━━━━━ Data to examine
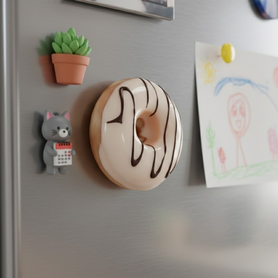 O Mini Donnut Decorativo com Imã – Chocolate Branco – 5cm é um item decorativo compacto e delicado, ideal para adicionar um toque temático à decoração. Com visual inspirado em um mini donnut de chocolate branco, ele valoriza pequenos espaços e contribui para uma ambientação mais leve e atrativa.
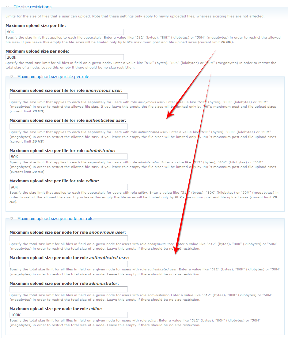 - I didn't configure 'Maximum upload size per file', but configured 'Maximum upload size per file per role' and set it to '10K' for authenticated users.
━━━━━━━━━━
━━━━━ Data to examine
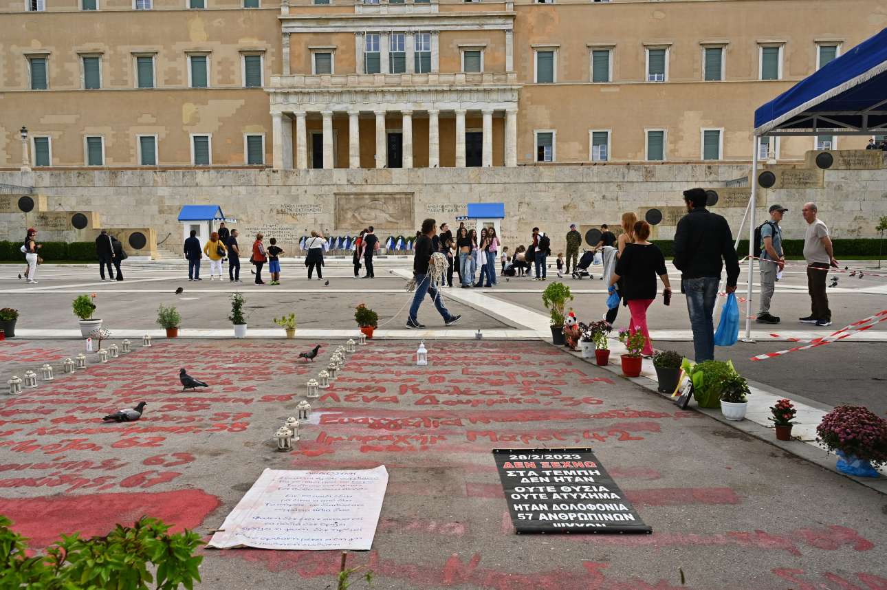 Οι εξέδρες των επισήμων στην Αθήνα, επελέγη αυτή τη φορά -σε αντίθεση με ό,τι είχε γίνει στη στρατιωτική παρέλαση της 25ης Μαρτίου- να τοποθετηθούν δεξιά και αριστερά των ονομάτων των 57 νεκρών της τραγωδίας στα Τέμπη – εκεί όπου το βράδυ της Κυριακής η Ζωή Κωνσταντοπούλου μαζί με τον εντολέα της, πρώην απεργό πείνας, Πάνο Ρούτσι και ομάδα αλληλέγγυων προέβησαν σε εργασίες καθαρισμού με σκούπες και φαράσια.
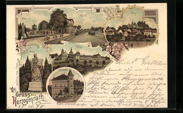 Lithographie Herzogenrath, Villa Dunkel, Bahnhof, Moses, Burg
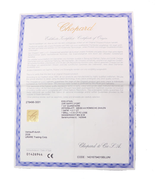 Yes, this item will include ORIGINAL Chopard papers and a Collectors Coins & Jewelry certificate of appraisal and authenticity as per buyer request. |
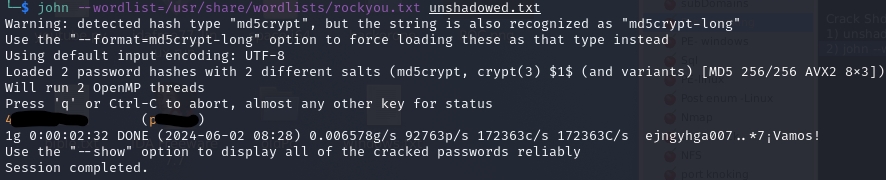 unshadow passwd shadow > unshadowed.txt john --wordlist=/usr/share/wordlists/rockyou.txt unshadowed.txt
━━━━━━━━━━
━━━━━ Data to examine
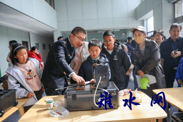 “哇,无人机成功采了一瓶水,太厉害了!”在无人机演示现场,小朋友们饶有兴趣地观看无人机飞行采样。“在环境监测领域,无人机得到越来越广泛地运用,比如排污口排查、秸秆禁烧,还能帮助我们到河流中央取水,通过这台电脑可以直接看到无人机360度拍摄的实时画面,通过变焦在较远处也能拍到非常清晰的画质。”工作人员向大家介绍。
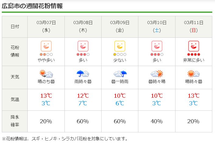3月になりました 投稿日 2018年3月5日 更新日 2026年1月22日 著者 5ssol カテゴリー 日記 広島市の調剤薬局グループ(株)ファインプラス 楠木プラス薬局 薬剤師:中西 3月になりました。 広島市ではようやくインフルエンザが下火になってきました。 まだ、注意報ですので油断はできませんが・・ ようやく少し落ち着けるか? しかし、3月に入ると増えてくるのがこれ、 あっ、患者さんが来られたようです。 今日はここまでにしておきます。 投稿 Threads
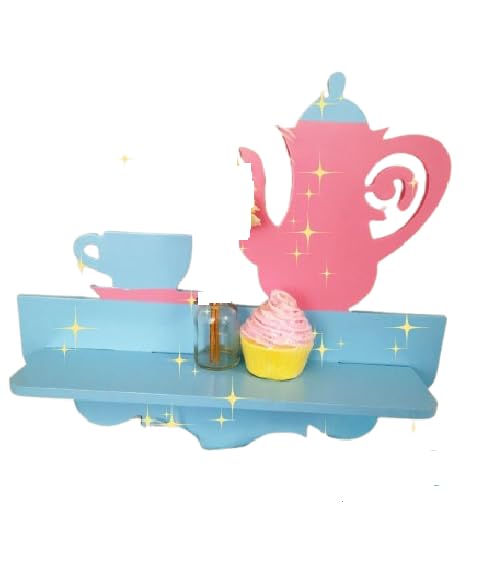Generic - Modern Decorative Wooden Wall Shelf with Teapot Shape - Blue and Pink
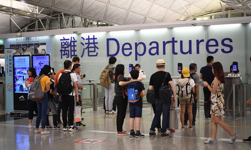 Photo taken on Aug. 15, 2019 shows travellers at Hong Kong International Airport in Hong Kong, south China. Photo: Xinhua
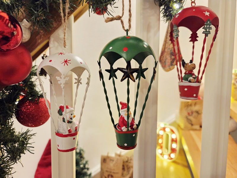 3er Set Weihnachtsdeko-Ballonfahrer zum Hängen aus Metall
━━━━━━━━━━
Work to complete: Return only the stretch above from the line containing "3月になりました 投稿日 2018年3月5日" through the line containing "3er Set Weihnachtsdeko-Ballonfahrer", word for word and without pictures.

Task output:
3月になりました 投稿日 2018年3月5日 更新日 2026年1月22日 著者 5ssol カテゴリー 日記 広島市の調剤薬局グループ(株)ファインプラス 楠木プラス薬局 薬剤師:中西 3月になりました。 広島市ではようやくインフルエンザが下火になってきました。 まだ、注意報ですので油断はできませんが・・ ようやく少し落ち着けるか? しかし、3月に入ると増えてくるのがこれ、 あっ、患者さんが来られたようです。 今日はここまでにしておきます。 投稿 Threads
Generic - Modern Decorative Wooden Wall Shelf with Teapot Shape - Blue and Pink
 Photo taken on Aug. 15, 2019 shows travellers at Hong Kong International Airport in Hong Kong, south China. Photo: Xinhua
 3er Set Weihnachtsdeko-Ballonfahrer zum Hängen aus Metall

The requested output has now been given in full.